-- Opening Marker --

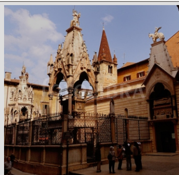
GROBNICE DRUŽINE SCALIGERI

Sledi še ogled GOSPOSKEGA TRGA in grobnic najbolj cenjene veronske družine vladarjev Scaligeri. Sprehod mimo cerkve Sv. Anastazije do KAMNITEGA MOSTU in nato obisk STOLNICE. Tu boste spoznali znamenito Tizzianovo sliko Marijinega vnebovzeta in arheološke izkopenine prvotne predhodnice cerkve. Nekaj časa boste tudi prosti, ob 18.00 uri pa se bomo poslovili od mesta. V Ljubljani bomo pozno.
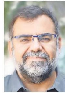
ACADEMIA DE CIENCIAS BAEZA ES INGENIERO CIVIL.

El experto, destacado a nivel internacional por su aporte en las disciplinas de
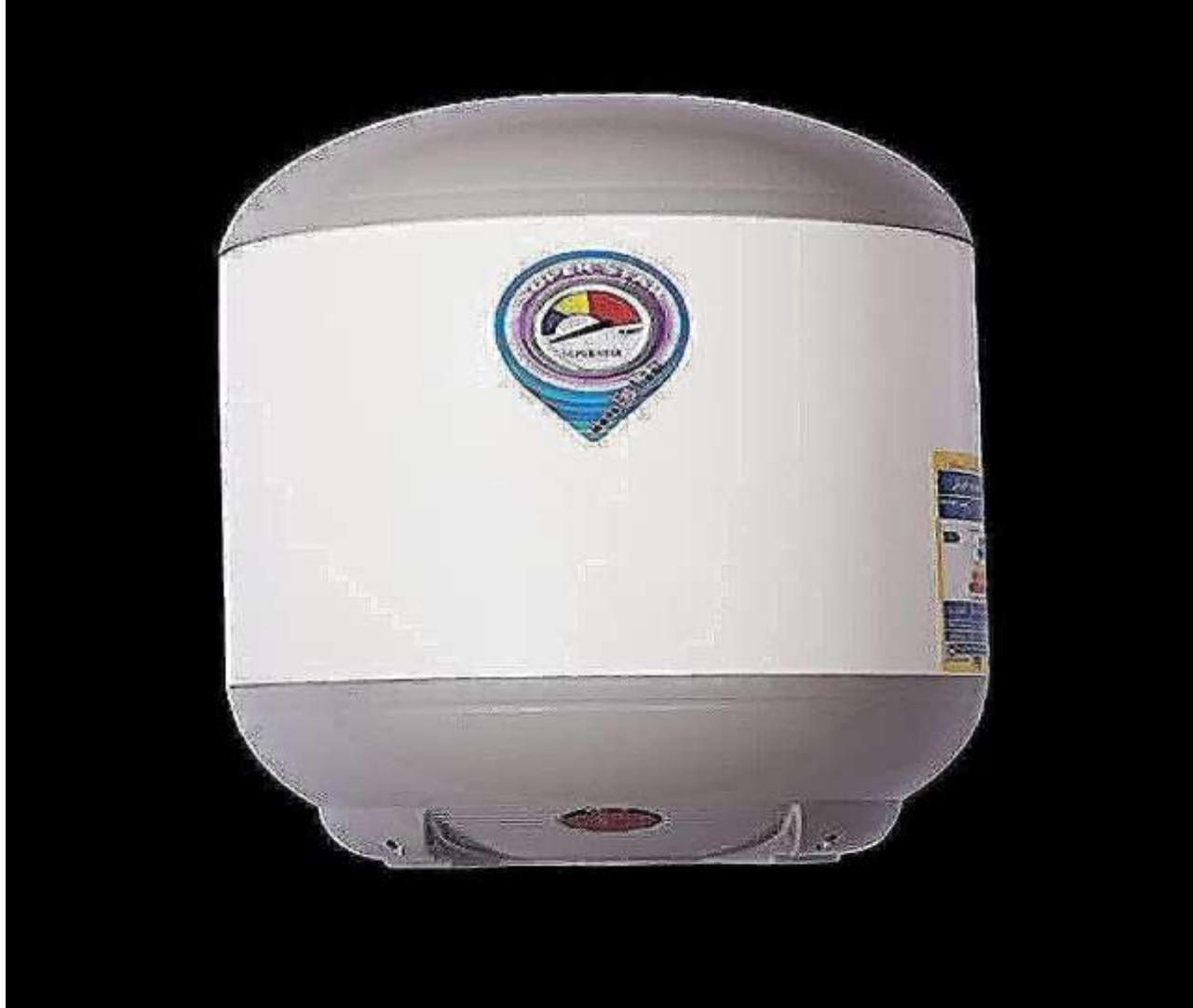
سخان 30 لتر نوفا

-- Closing Marker --

(WHAT THIS TASK INVOLVES) From the first line to the last, print the records exactly; leave out the pictures.

(ANSWER SPACE)
GROBNICE DRUŽINE SCALIGERI

Sledi še ogled GOSPOSKEGA TRGA in grobnic najbolj cenjene veronske družine vladarjev Scaligeri. Sprehod mimo cerkve Sv. Anastazije do KAMNITEGA MOSTU in nato obisk STOLNICE. Tu boste spoznali znamenito Tizzianovo sliko Marijinega vnebovzeta in arheološke izkopenine prvotne predhodnice cerkve. Nekaj časa boste tudi prosti, ob 18.00 uri pa se bomo poslovili od mesta. V Ljubljani bomo pozno.
ACADEMIA DE CIENCIAS BAEZA ES INGENIERO CIVIL.

El experto, destacado a nivel internacional por su aporte en las disciplinas de
سخان 30 لتر نوفا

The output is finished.